The Mudcat Café TM
Thread #138735   Message #3183859
Posted By: Goose Gander
08-Jul-11 - 02:09 PM
Thread Name: Do purists really exist?
Subject: RE: Do purists really exist?
Very nicely put, Howard.

Terms like folk, traditional, and folk process are nothing more than shorthand for forms based upon processes that you yourself have indicated that you understand (again, I refer you to your own words I quoted above). You have described your session as 100% traditional, you refer directly above to "Traditional Ballad Singers, Storytellers, & Folk Singers"; clearly, you intend these words to mean something when you use them, you just have a problem when other people use them. Apparently, what is meaningful when you say it is meaningless when I say it. And you say you're not muddying the waters?

"No they don't though, because these processes are an integral part of those other sorts of music too."

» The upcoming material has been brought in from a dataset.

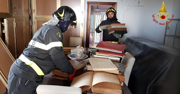 Acireale (Catania) - Sullo scenario dell'emergenza sisma i Vigili del Fuoco non si occupano soltanto di verifiche e sopralluoghi. A Pennisi, frazione di Acireale, le squadre dei Vigili del Fuoco del Campo Base di Acireale, sono intervenute per recuperare e mettere in sicurezza due pianoforti ed una preziosa collezione di libri e spartiti in "braille", il sistema di scrittura e lettura per non vedenti.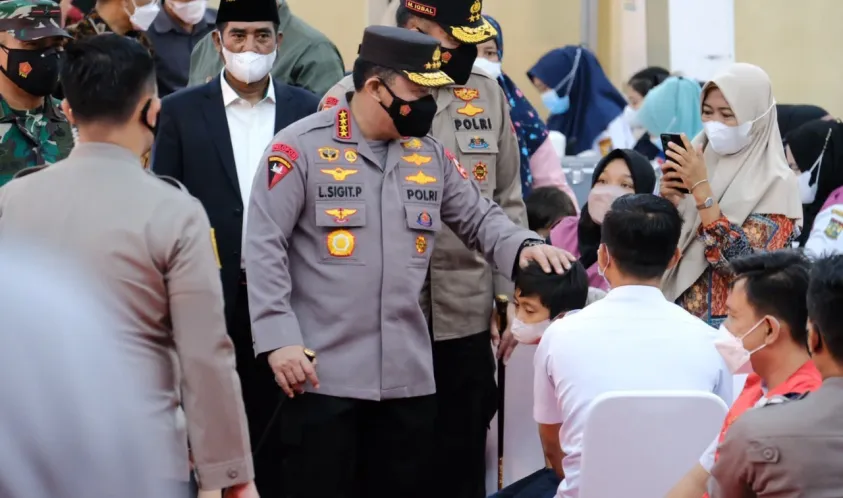 Indonesiainteraktif.com, Pekanbaru - Kepala Kepolisian Republik Indonesia Jenderal Polisi Drs. Listyo Sigit Prabowo, M.Si., meninjau pelaksanaan akselerasi vaksinasi massal di Kabupaten Kampar, Riau, Jumat (25/02/2022).

Not in the same way and not to the same degree. There is nothing comparable in classical, marching band and death metal (to continue with these examples) that is equivalent to hundreds of different variants of Child #200 with divergent melodies, arrangments, plots, lyrical devices; the 'Drowsy Sleeper'/'Silver Dagger' cluster of ballads/songs in North America; or the ubiquitous 'Cotton-Eyed Joe'. The diversity of forms reflects "a cultural idiom of song making & remaking in an largely working-class oral culture which may have preceded or succeeded the Broadsides," to borrow a phrase, something that cannot be demonstrated in the desemination and performance of Beethoven's choral symphonies (for example).

"Offending words? The whole thing is writ large in the very DNA of the thing."

More sweeping generalizations, Sub. And still no specific reference to a collector (an individual, mind you) that ever believed that the working class was incapable of producing anything. Nor any indication you are aware that collecting and scholarship have moved on from those mist-shrouded, romantic beginnnings. You might want to look into the work of Mark Wilson and Art Rosenbaum in North America for a more up-to-date philosopy and practice of collecting, and more importantly to hear some incredible music.